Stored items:
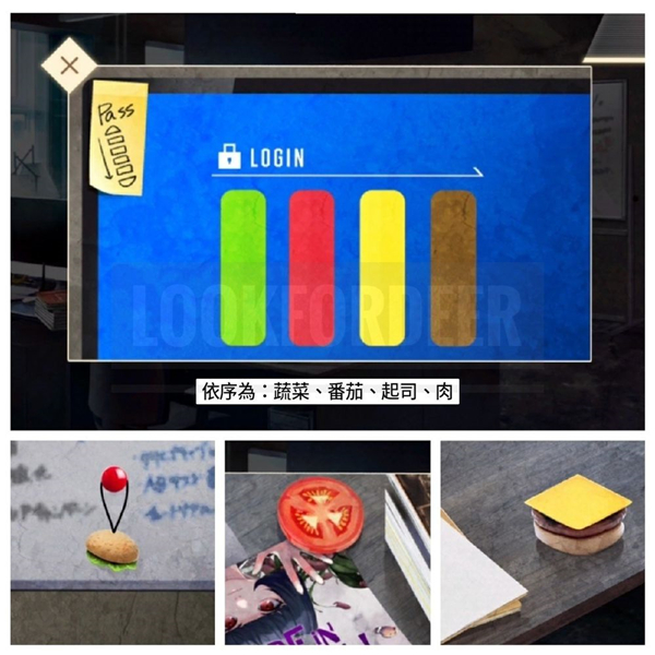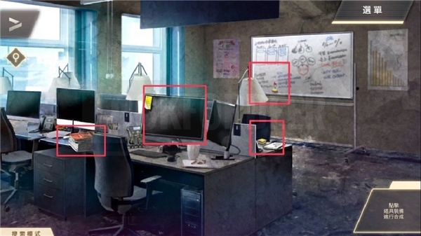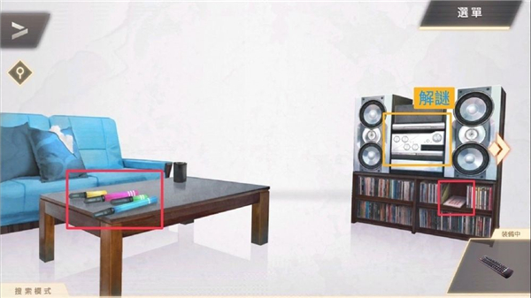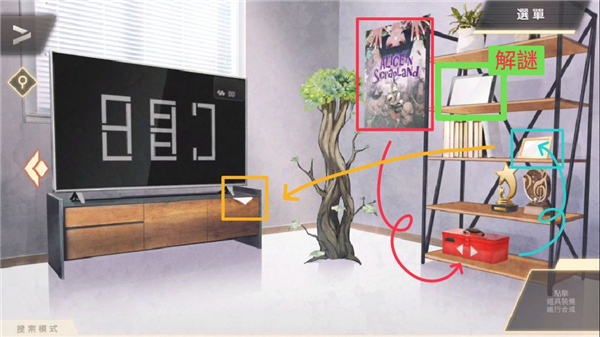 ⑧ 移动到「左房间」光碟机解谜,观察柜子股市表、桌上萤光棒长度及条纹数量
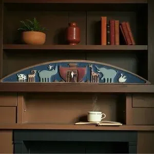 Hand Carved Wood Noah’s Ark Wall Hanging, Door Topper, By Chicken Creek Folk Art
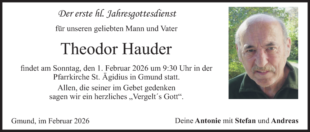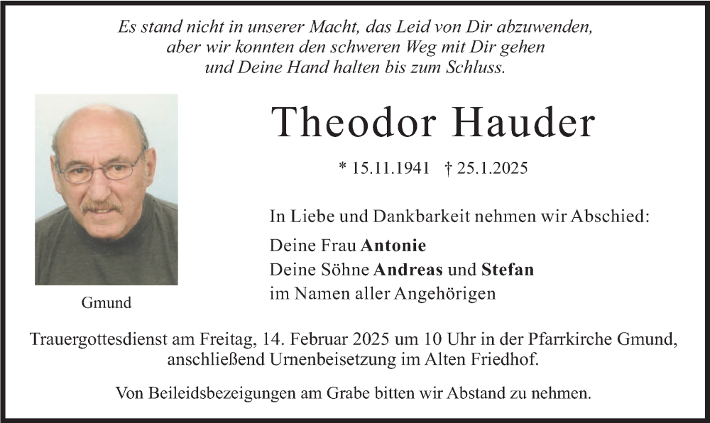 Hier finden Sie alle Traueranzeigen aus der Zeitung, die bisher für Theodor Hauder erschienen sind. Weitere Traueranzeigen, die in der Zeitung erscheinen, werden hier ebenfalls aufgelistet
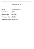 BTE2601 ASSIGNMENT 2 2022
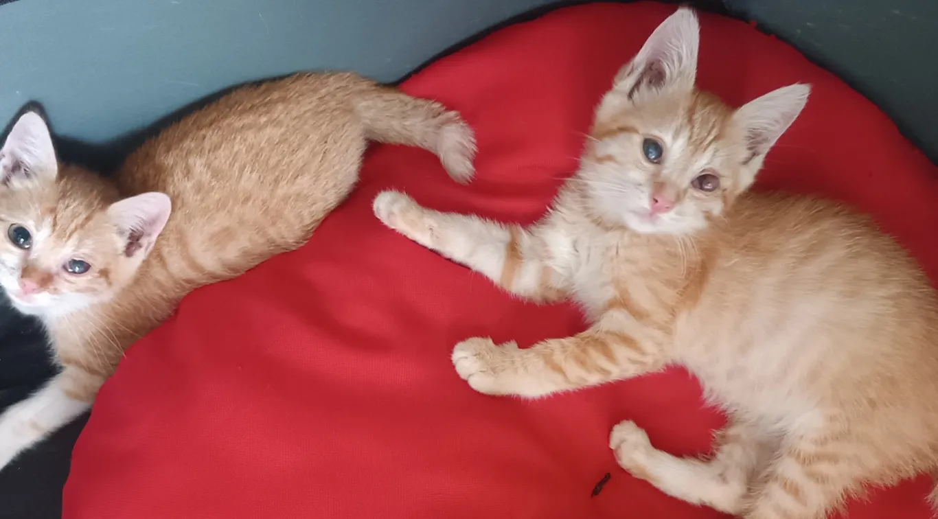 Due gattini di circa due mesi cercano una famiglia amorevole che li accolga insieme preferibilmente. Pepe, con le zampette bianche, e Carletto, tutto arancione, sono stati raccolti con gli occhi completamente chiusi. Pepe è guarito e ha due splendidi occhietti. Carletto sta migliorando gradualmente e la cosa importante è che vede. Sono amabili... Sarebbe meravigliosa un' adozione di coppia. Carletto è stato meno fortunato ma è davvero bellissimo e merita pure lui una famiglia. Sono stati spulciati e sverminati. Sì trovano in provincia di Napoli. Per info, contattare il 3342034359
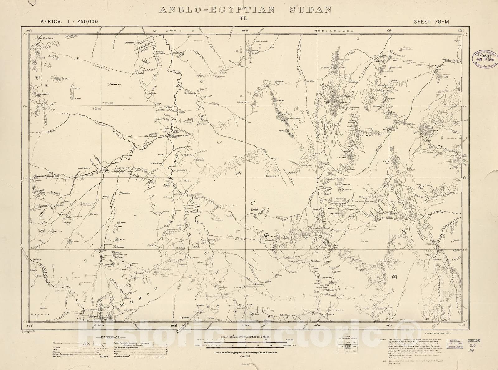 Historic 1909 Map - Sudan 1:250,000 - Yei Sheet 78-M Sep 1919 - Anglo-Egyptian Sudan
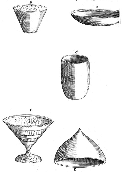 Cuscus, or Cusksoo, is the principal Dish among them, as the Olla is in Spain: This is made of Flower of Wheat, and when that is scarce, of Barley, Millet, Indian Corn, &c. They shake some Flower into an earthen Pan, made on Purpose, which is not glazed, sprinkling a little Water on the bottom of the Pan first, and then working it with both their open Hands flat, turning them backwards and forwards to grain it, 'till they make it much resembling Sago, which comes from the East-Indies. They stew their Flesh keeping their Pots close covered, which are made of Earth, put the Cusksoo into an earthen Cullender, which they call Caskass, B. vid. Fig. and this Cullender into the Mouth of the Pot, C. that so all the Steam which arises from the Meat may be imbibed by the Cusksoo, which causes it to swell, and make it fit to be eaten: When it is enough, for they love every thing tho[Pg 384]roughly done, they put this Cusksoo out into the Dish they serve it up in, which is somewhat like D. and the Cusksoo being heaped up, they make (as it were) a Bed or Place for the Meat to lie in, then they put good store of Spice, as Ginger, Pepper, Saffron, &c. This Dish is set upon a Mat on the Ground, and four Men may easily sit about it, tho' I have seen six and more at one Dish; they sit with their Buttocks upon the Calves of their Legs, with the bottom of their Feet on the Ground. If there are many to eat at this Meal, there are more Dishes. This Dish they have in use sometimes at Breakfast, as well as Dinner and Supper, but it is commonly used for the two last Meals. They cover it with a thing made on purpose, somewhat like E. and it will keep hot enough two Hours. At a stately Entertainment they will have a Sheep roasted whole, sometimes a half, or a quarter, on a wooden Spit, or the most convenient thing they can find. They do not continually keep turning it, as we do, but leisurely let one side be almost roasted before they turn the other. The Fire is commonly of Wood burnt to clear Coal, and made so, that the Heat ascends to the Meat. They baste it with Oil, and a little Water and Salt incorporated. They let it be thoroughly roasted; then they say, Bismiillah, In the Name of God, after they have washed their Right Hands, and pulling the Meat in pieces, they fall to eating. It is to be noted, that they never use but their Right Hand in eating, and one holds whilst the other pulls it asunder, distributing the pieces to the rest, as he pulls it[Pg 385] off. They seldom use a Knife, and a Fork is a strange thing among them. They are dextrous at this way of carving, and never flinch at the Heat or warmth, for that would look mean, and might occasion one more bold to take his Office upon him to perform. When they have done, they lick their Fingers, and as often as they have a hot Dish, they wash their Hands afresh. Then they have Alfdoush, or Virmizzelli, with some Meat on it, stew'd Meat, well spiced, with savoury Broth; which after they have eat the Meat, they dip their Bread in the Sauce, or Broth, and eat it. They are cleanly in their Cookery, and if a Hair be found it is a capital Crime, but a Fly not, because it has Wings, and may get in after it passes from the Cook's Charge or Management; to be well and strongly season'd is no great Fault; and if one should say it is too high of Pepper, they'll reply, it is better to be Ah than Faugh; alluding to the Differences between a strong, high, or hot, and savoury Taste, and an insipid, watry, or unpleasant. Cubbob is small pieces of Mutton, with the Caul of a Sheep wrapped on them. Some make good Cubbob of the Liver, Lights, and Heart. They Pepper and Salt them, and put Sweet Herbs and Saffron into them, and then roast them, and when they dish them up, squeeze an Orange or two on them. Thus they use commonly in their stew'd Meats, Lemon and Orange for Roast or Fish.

- _Exercise instructions_: Exactly as they appear above, write out all the entries, but not the images.

- _Task response_:
 ⑧ 移动到「左房间」光碟机解谜,观察柜子股市表、桌上萤光棒长度及条纹数量
 Hand Carved Wood Noah’s Ark Wall Hanging, Door Topper, By Chicken Creek Folk Art
 Hier finden Sie alle Traueranzeigen aus der Zeitung, die bisher für Theodor Hauder erschienen sind. Weitere Traueranzeigen, die in der Zeitung erscheinen, werden hier ebenfalls aufgelistet
 BTE2601 ASSIGNMENT 2 2022
 Due gattini di circa due mesi cercano una famiglia amorevole che li accolga insieme preferibilmente. Pepe, con le zampette bianche, e Carletto, tutto arancione, sono stati raccolti con gli occhi completamente chiusi. Pepe è guarito e ha due splendidi occhietti. Carletto sta migliorando gradualmente e la cosa importante è che vede. Sono amabili... Sarebbe meravigliosa un' adozione di coppia. Carletto è stato meno fortunato ma è davvero bellissimo e merita pure lui una famiglia. Sono stati spulciati e sverminati. Sì trovano in provincia di Napoli. Per info, contattare il 3342034359
 Historic 1909 Map - Sudan 1:250,000 - Yei Sheet 78-M Sep 1919 - Anglo-Egyptian Sudan
 Cuscus, or Cusksoo, is the principal Dish among them, as the Olla is in Spain: This is made of Flower of Wheat, and when that is scarce, of Barley, Millet, Indian Corn, &c. They shake some Flower into an earthen Pan, made on Purpose, which is not glazed, sprinkling a little Water on the bottom of the Pan first, and then working it with both their open Hands flat, turning them backwards and forwards to grain it, 'till they make it much resembling Sago, which comes from the East-Indies. They stew their Flesh keeping their Pots close covered, which are made of Earth, put the Cusksoo into an earthen Cullender, which they call Caskass, B. vid. Fig. and this Cullender into the Mouth of the Pot, C. that so all the Steam which arises from the Meat may be imbibed by the Cusksoo, which causes it to swell, and make it fit to be eaten: When it is enough, for they love every thing tho[Pg 384]roughly done, they put this Cusksoo out into the Dish they serve it up in, which is somewhat like D. and the Cusksoo being heaped up, they make (as it were) a Bed or Place for the Meat to lie in, then they put good store of Spice, as Ginger, Pepper, Saffron, &c. This Dish is set upon a Mat on the Ground, and four Men may easily sit about it, tho' I have seen six and more at one Dish; they sit with their Buttocks upon the Calves of their Legs, with the bottom of their Feet on the Ground. If there are many to eat at this Meal, there are more Dishes. This Dish they have in use sometimes at Breakfast, as well as Dinner and Supper, but it is commonly used for the two last Meals. They cover it with a thing made on purpose, somewhat like E. and it will keep hot enough two Hours. At a stately Entertainment they will have a Sheep roasted whole, sometimes a half, or a quarter, on a wooden Spit, or the most convenient thing they can find. They do not continually keep turning it, as we do, but leisurely let one side be almost roasted before they turn the other. The Fire is commonly of Wood burnt to clear Coal, and made so, that the Heat ascends to the Meat. They baste it with Oil, and a little Water and Salt incorporated. They let it be thoroughly roasted; then they say, Bismiillah, In the Name of God, after they have washed their Right Hands, and pulling the Meat in pieces, they fall to eating. It is to be noted, that they never use but their Right Hand in eating, and one holds whilst the other pulls it asunder, distributing the pieces to the rest, as he pulls it[Pg 385] off. They seldom use a Knife, and a Fork is a strange thing among them. They are dextrous at this way of carving, and never flinch at the Heat or warmth, for that would look mean, and might occasion one more bold to take his Office upon him to perform. When they have done, they lick their Fingers, and as often as they have a hot Dish, they wash their Hands afresh. Then they have Alfdoush, or Virmizzelli, with some Meat on it, stew'd Meat, well spiced, with savoury Broth; which after they have eat the Meat, they dip their Bread in the Sauce, or Broth, and eat it. They are cleanly in their Cookery, and if a Hair be found it is a capital Crime, but a Fly not, because it has Wings, and may get in after it passes from the Cook's Charge or Management; to be well and strongly season'd is no great Fault; and if one should say it is too high of Pepper, they'll reply, it is better to be Ah than Faugh; alluding to the Differences between a strong, high, or hot, and savoury Taste, and an insipid, watry, or unpleasant. Cubbob is small pieces of Mutton, with the Caul of a Sheep wrapped on them. Some make good Cubbob of the Liver, Lights, and Heart. They Pepper and Salt them, and put Sweet Herbs and Saffron into them, and then roast them, and when they dish them up, squeeze an Orange or two on them. Thus they use commonly in their stew'd Meats, Lemon and Orange for Roast or Fish.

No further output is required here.